- [Information supplied]:
--- --- ---

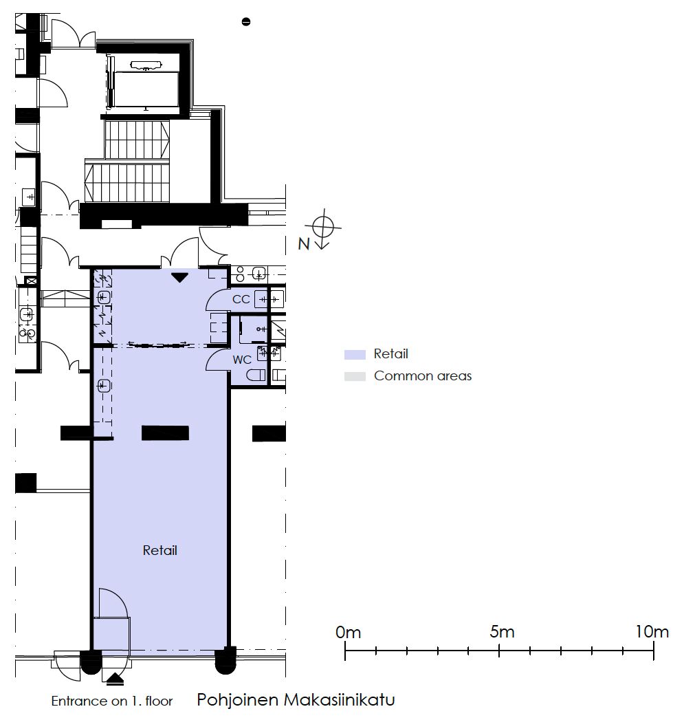The property has 6 parking spaces in the courtyard. Private parking garages Aimo Park Kasarmitori and Aimo Park Erottaja with a total of 1,000 monitored parking spaces are available in the vicinity. In addition, there is plenty of parking space available in the Old Market Hall parking lot.
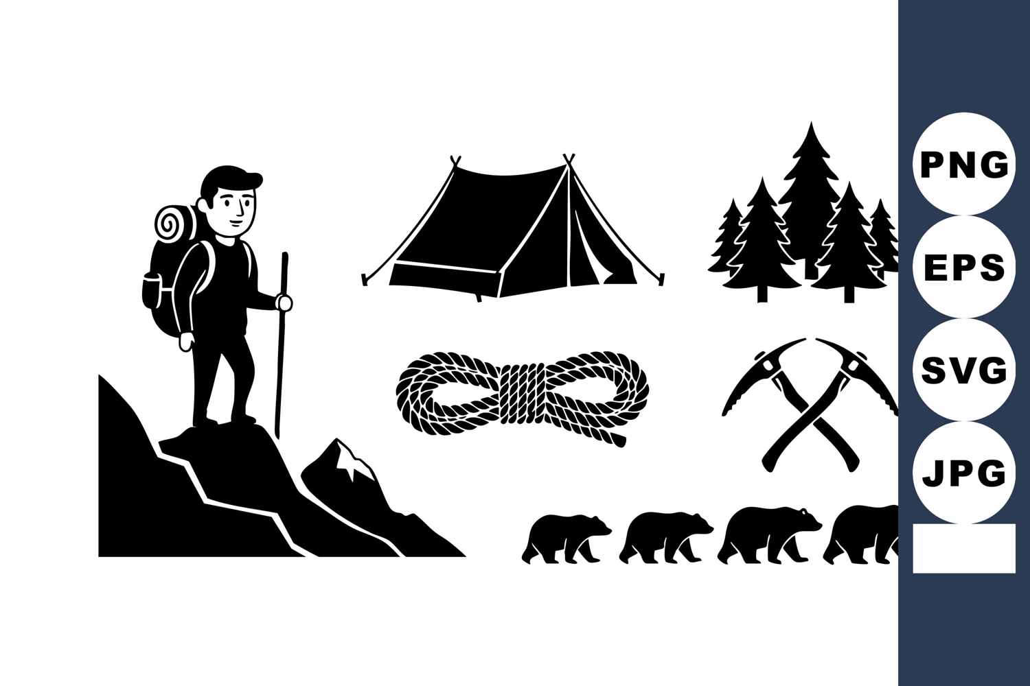 This vector shows essential outdoor hiking gear including a tent, forest trees, rope, ice axes, and bear silhouettes. It captures mountain trekking elements with a black and white style, adventurous mood.
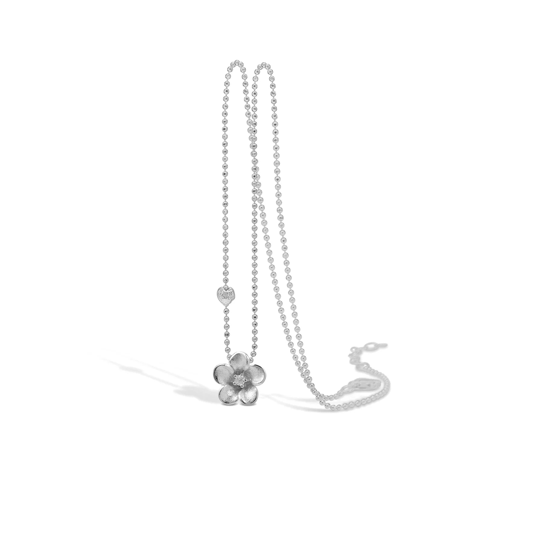 Beskrivelse: Nydelig halsbånd med motiv av en Frangipani blomst
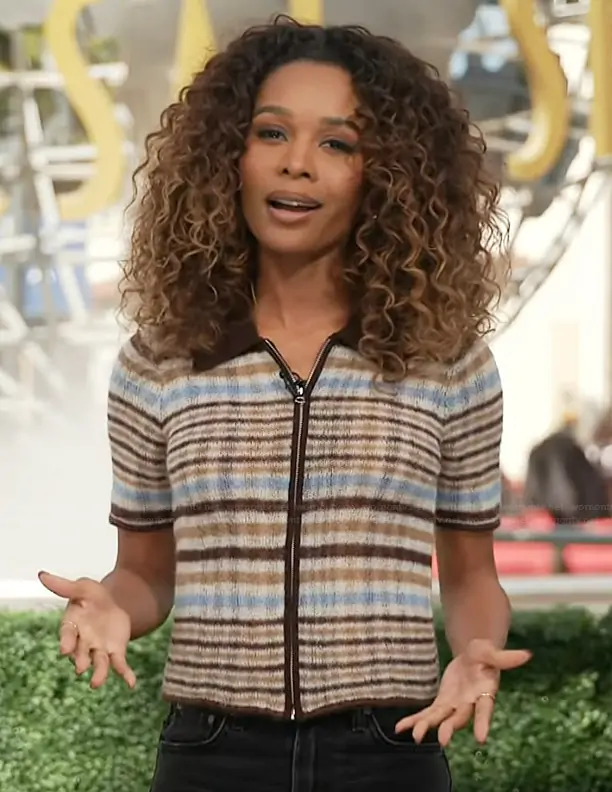 Zuri Hall on Access Hollywood on NBC was spotted wearing this striped short sleeve cardigan on Access Hollywood on Feb 23 2026's episode. Zuri's Sweater is the Leva Short Sleeve Zip Cardigan by Rag and Bone.

--- --- ---

- [Task directions]:
With the pictures set aside, copy each line above as written.

- [Result for this exercise]:
The property has 6 parking spaces in the courtyard. Private parking garages Aimo Park Kasarmitori and Aimo Park Erottaja with a total of 1,000 monitored parking spaces are available in the vicinity. In addition, there is plenty of parking space available in the Old Market Hall parking lot.
 This vector shows essential outdoor hiking gear including a tent, forest trees, rope, ice axes, and bear silhouettes. It captures mountain trekking elements with a black and white style, adventurous mood.
 Beskrivelse: Nydelig halsbånd med motiv av en Frangipani blomst
 Zuri Hall on Access Hollywood on NBC was spotted wearing this striped short sleeve cardigan on Access Hollywood on Feb 23 2026's episode. Zuri's Sweater is the Leva Short Sleeve Zip Cardigan by Rag and Bone.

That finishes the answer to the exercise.